Effect of metabolic inhibitors on nuclear pore formation during the HeLa S3 cell cycle

The effect of various antimetabolites on nuclear pore formation was studied in synchronized HeLa S(3) cells. The nuclear size was determined by light microscopy and the pore number per unit area of nuclear surface by the freeze-etching technique and electron microscopy. It was found that the inhibition of DNA replication or ribosomal RNA synthesis has no effect on nuclear size increase or pore formation. However, the inhibition of ATP synthesis effectively stops nuclear pore formation. Cycloheximide blocks nuclear pore formation at the same time during G(1) phase of the cell cycle when nuclear size increase is blocked by high concentrations of actinomycin D. This suggests that certain proteins or other factors leading to pore formation and nuclear size increase are transcribed and synthesized at about 3-4 h after mitosis, i.e., about 1-2 h before S phase begins.
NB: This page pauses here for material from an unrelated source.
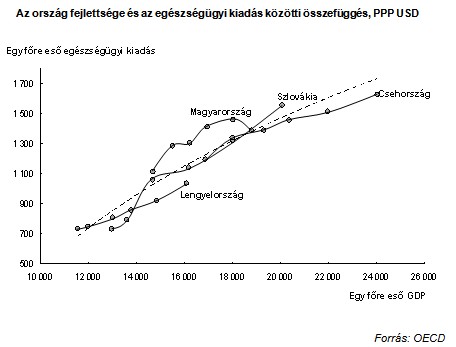 Úgy tűnik, csak nagyon lassan vagyunk hajlandóak szembesülni azzal, hogy Magyarország mostanra szegényebb, mint Csehország és Szlovákia és emiatt nálunk kevesebb jut egészségügyre is. Õk 1.626 (CZ) és 1.555 (SK) dollárt költöttek egy főre vetítve 2007-ben, míg mi csak 1.388 dollárt. Azonban ezeknek az országoknak a GDP-je mostanra magasabb, mint hazánké (CZ: 24.027 és SK: 20.079 per fő 2007-ben, míg HU: 18.799). Az a szomorú helyzet, hogy szegényebb ország vagyunk és emiatt alacsonyabb egészségügyi kiadásokat engedhetünk meg magunknak.

Time sequence of nuclear pore formation in phytohemagglutinin-stimulated lymphocytes and in HeLa cells during the cell cycle

The time sequence of nuclear pore frequency changes was determined for phytohemagglutinin (PHA)-stimulated human lymphocytes and for HeLa S-3 cells during the cell cycle. The number of nuclear pores/nucleus was calculated from the experimentally determined values of nuclear pores/micro(2) and the nuclear surface. In the lymphocyte system the number of pores/nucleus approximately doubles during the 48 hr after PHA stimulation. The increase in pore frequency is biphasic and the first increase seems to be related to an increase in the rate of protein synthesis. The second increase in pores/nucleus appears to be correlated with the onset of DNA synthesis. In the HeLa cell system, we could also observe a biphasic change in pore formation. Nuclear pores are formed at the highest rate during the first hour after mitosis. A second increase in the rate of pore formation corresponds in time with an increase in the rate of nuclear acidic protein synthesis shortly before S phase. The total number of nuclear pores in HeLa cells doubles from approximately 2000 in G(1) to approximately 4000 at the end of the cell cycle. The doubling of the nuclear volume and the number of nuclear pores might be correlated to the doubling of DNA content. Another correspondence with the nuclear pore number in S phase is found in the number of simultaneously replicating replication sites. This number may be fortuitous but leads to the rather speculative possibility that the nuclear pore might be the site of initiation and/or replication of DNA as well as the site of nucleocytoplasmic exchange. That is, the nuclear pore complex may have multiple functions.